La decisión de ponerme a mí misma en escena surgió en el momento en el que me interesé por filmar el registro de los sonidos de la ciudad. Mi personaje envía Buenos Aires a Laura desde la cotidianeidad de los elementos que tiene a su alcance, como por ejemplo su propia mano, y eso se parecía mucho a la manera en la que estaba filmando: con amigos, probando y errando, con el trípode a todos lados. Las cartas son documentales, por momentos reflexiones muy íntimas. Que fuera yo quien las leyera hacía sentido para mí, más allá de la inevitable (y muy grande) vergüenza de verse en la pantalla.

 

Imagino que debe haber sido difícil tomar la decisión de poner punto final al cortometraje.  ¿Cómo fue?

Como fue un proceso que implicó ir filmando, escribiendo y editando alternadamente, nunca hubo un momento en el que se pudiera “dejar de” hacer alguna de estas cosas. Hasta último momento estuve filmando cosas nuevas, y a medida que esas imágenes se incorporaban fui descartando otras. Durante el tiempo que estuve dedicada a esto fui cambiando mucho, también en mi forma de mirar y en las ideas de montaje que iba explorando. Creo que este corto se parece mucho a un diario filmado, y por eso el momento en el que termina siempre será un poco arbitrario.


Encuentro un relato algo obsesivo y hasta por momentos algo perturbador. ¿Cuánto de esto pensaste que así sea, si crees que así es? 

Creo que pudo haber sido el traslado inevitable de mis propias obsesiones. De todas formas yo lo siento más bien despatarrado.

 

El título nos advierte que la estampilla no es necesaria, pero da la sensación de que hay fuerzas y necesidades expresivas muy puntuales, que motorizan la narración. Por ejemplo, el punto de vista femenino apareciendo como tema. ¿Crees que esto así?
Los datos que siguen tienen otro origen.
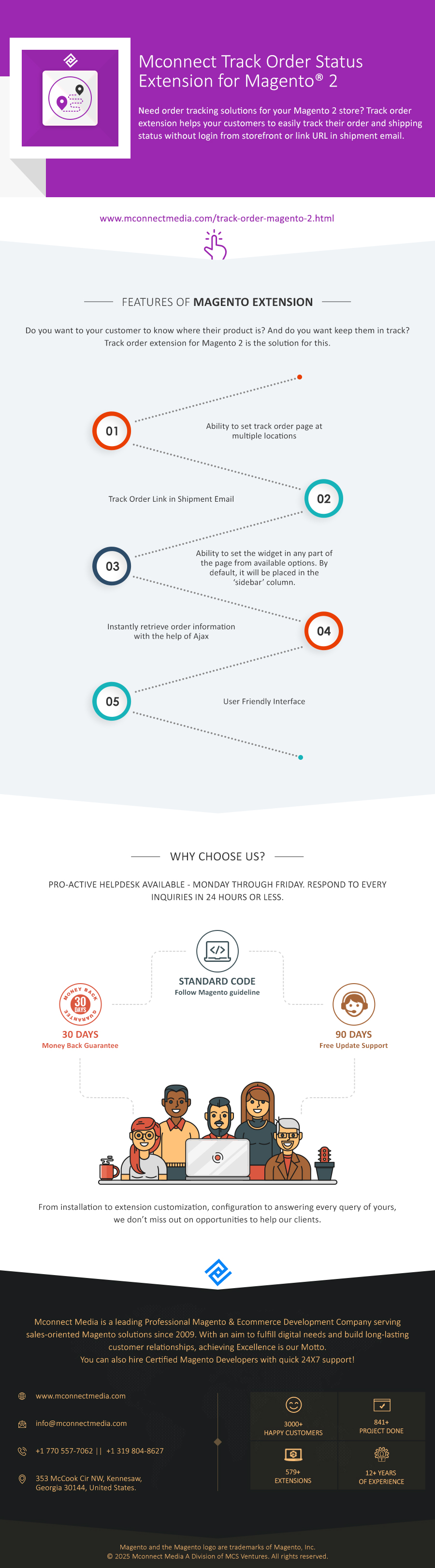Mconnect Tracking Order & Shipment Status Extension for Magento 2 allows your customer to quickly track their order shipment status without logging in to their account. All they have to do is enter the order number and registered email address using which they have placed an order; then the system will display all the details of the order & latest whereabouts of their order. Your customers can now even see the invoice and shipment details for the same and print those details directly if needed. Because 22% of shoppers are abandoning their carts if there is no shipping and order tracking functionality. So, instead of keeping your customers into a dark, the extension creates a win-win situation by continuing loyalty and retention of the customers.

La mención a la estampilla en el título tiene que ver con la pregunta de cómo sería para nosotros, o por lo menos para mí, el intercambio de correspondencias en esta era digital. La carta como objeto que se espera, o como papel que lleva las marcas hundidas por la fuerza hecha con la lapicera, ya es obsoleta. Pensando en este contexto quise probar equivalentes, es decir, cómo sería enviar imágenes y sonidos conservando lo artesanal de una carta escrita a mano. En cuanto al punto de vista de una mujer acerca de su relación con las calles de la ciudad, me interesaba como tema intentar trasladar la experiencia de una mujer al transitar la vía (vida) pública, un terreno que poco a poco fuimos e iremos conquistando pero que ha sido históricamente el lugar de los hombres, en oposición a los interiores de la vida privada (el hogar familiar, la cocina, la habitación cerrada) asignados a las mujeres.

 

En principio se podría decir que "No hace falta estampilla" es un relato personal, propio e intimista. Sin embargo, percibo cierta comunión con temáticas y hasta temores e incertidumbres, propias de una generación. ¿Crees que está en el corto este vínculo entre el relato intimista y el social? ¿Te lo propusiste?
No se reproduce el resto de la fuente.